また、この実施例1では、3台の分岐型シールド掘削機6,3A,3Bを使用した場合について説明したが、これらの使用機種、使用台数又は配置位置に限定されるものではなく、任意に選択することができる。
【0056】
なお、他の構成及び作用効果については、前記実施の形態と略同様であるので説明を省略する。
【実施例2】
【0057】
以下、前記した実施の形態の実施例2について説明する。なお、前記実施の形態及び実施例1で説明した内容と同一乃至均等な部分の説明については同一符号を付して説明する。
【0058】
実施例2では、図9に示したように小断面トンネル1の構築に使用した1台の分岐型シールド掘削機7(図4(c)参照)によって1本の曲線トンネル23を構築し、その曲線トンネル23を挟んで複数の同心円状の円状トンネル24A〜24Dを構築して蓋部22を形成する。
【0059】
この実施例2では、一本の曲線トンネル23に複数の円状トンネル24A〜24Dを接続させることになるので、分岐型シールド掘削機7に収容した小型掘削機71を複数回利用するか、又は複数の小型掘削機を用意して同時に複数の円状トンネル24A〜24Dの構築をおこなわせることができる。
【0060】
このように実施例2の方法によれば、分岐型シールド掘削機7を1台使用するだけでよいので、掘削機にかかる費用を低減することができる。
【0061】
また、一本の曲線トンネル23からすべての円状トンネル24A〜24Dを発進させればよいので簡単に施工することができる。
【0062】
なお、他の構成及び作用効果については、前記実施の形態又は実施例1と略同様であるので説明を省略する。
【0063】
以上、図面を参照して、本発明の最良の実施の形態を詳述してきたが、具体的な構成は、この実施の形態に限らず、本発明の要旨を逸脱しない程度の設計的変更は、本発明に含まれる。
【0064】
例えば、前記実施の形態では、小断面トンネル群100を円筒状に形成したが、これに限定されるものではなく、例えば断面視四角形などの多角柱状に形成することもできる。
【図面の簡単な説明】
【0065】
【図1】本発明の最良の実施の形態の地中構造物の蓋部の構成を説明する正面図である。
【図2】本発明の最良の実施の形態によって構築される地中構造物の概略構成を示した斜視図である。

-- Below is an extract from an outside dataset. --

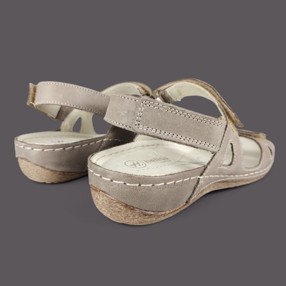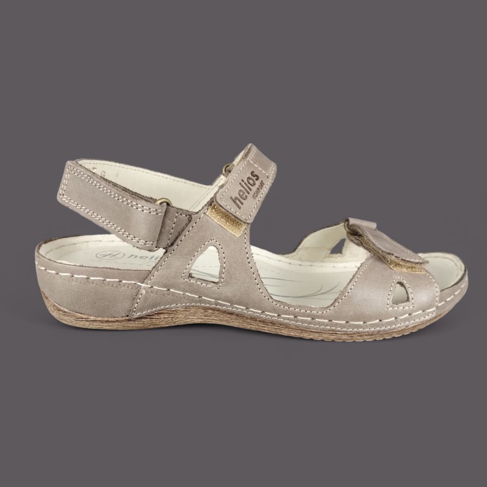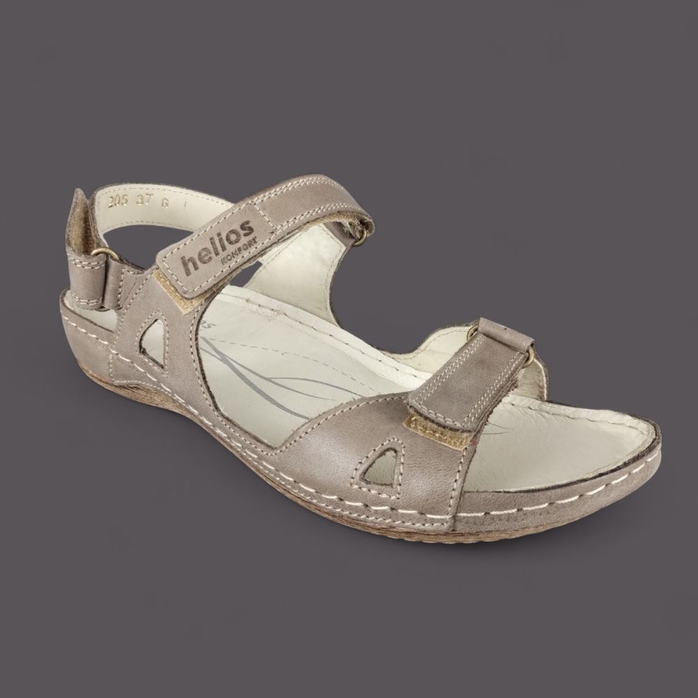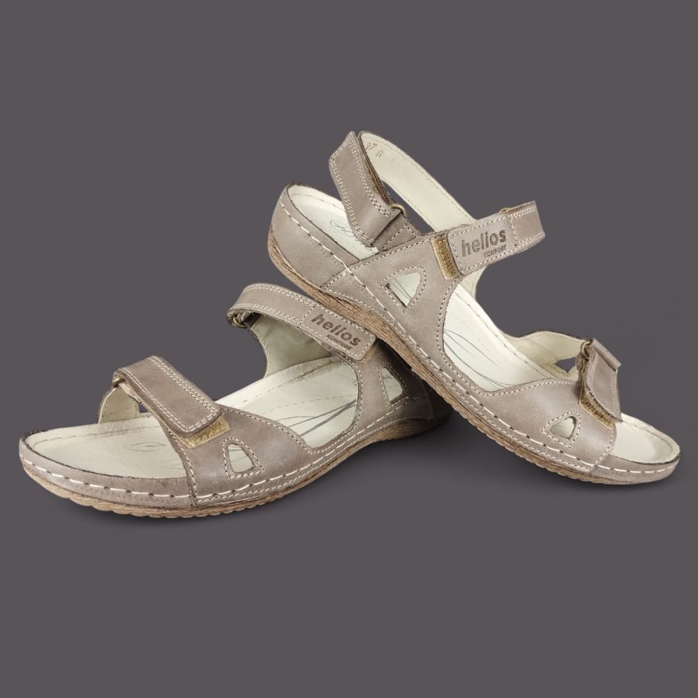 Sandały damskie Helios 205 – beżowe, skórzane, Komfort, trzy rzepy

【図3】(a)〜(d)は、4種類の小断面トンネル群の構築方法を説明する断面図である。
【図4】(a)〜(c)は、3種類の分岐型シールド掘削機を説明する模式図である。
【図5】図1のA−A線方向の断面図であって、(a)は一方の螺旋状トンネルを構築した段階の断面図で、(b)は両方の螺旋状トンネルを構築した段階の断面図である。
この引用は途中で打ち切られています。